James Lutgen of East Dubuque, Illinois strangled his wife in December 1984 at their home in Menominee, Illinois in front of their two daughters. They were 10 and 12 years old at the time. She had filed for divorce and an emergency order of protection, but was killed before receiving a response. The Lutgens got into a fight after Ms. Lutgen refused to allow the children to go out shopping with their father. James Lutgen testified that his wife had attempted to strangle him, and that he had then choked her until she died. Lutgen pleaded guilty to voluntary manslaughter and received a 4-year prison sentence, of which he served 13 months.

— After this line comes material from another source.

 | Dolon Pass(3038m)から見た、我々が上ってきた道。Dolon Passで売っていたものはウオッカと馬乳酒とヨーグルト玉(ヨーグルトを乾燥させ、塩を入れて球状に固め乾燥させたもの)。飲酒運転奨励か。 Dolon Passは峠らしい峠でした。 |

Lutgen was released in 1986 and allowed to retain custody of his children. A circuit court judge in Jo Daviess County ruled that Lurgen was "a fit and proper person to have the care and control of his minor children". The aunt and uncle of the two young girls appealed the judicial order that returned custody of the children to their father, but a three panel appeals court said there was no precedent or law to overturn the lower court's decision:

Neither our Legislature nor our case law in Illinois has seen fit to set forth a rule that the killing of one parent by the other in the presence of the children, no matter what the circumstances, is sufficient to deprive that parent of his or her children on the basis of unfitness.

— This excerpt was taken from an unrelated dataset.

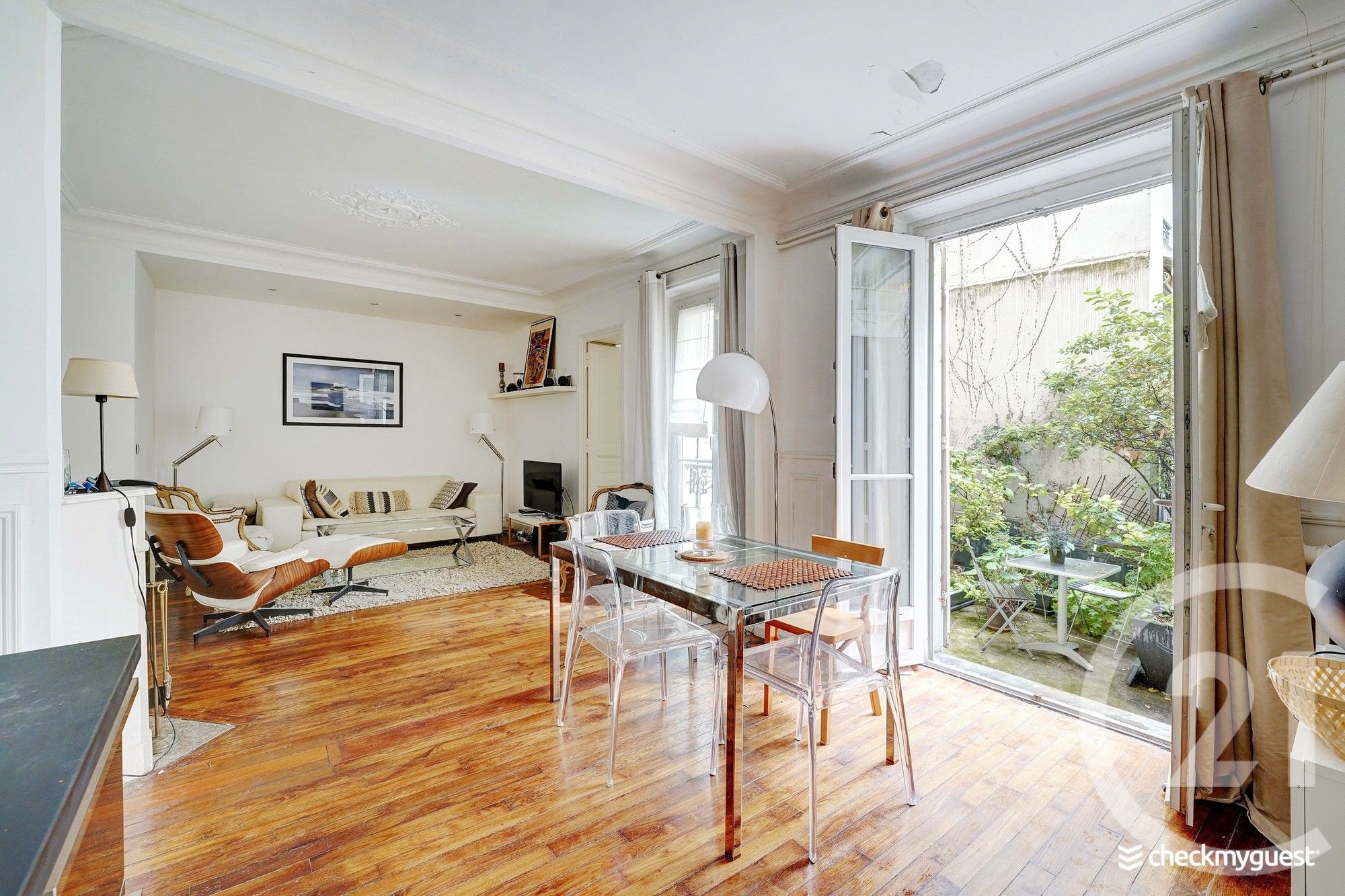 Atout rare : accès direct depuis l'appartement à une cour arborée et paisible.

A witness testified that she had seen the children and Ms. Lutgen with injuries, including a black eye, but had not personally seen how the children received the injuries. Although a state statute mandated that the court consider domestic violence as a factor to determine the best interests of the child, the court said that the statute did not require that domestic violence be given more weight than any other factor. The appellate court wrote that "a single criminal conviction, without more, will not support a finding of unfitness based upon depravity", noting that Lutgen had an otherwise "unblemished record".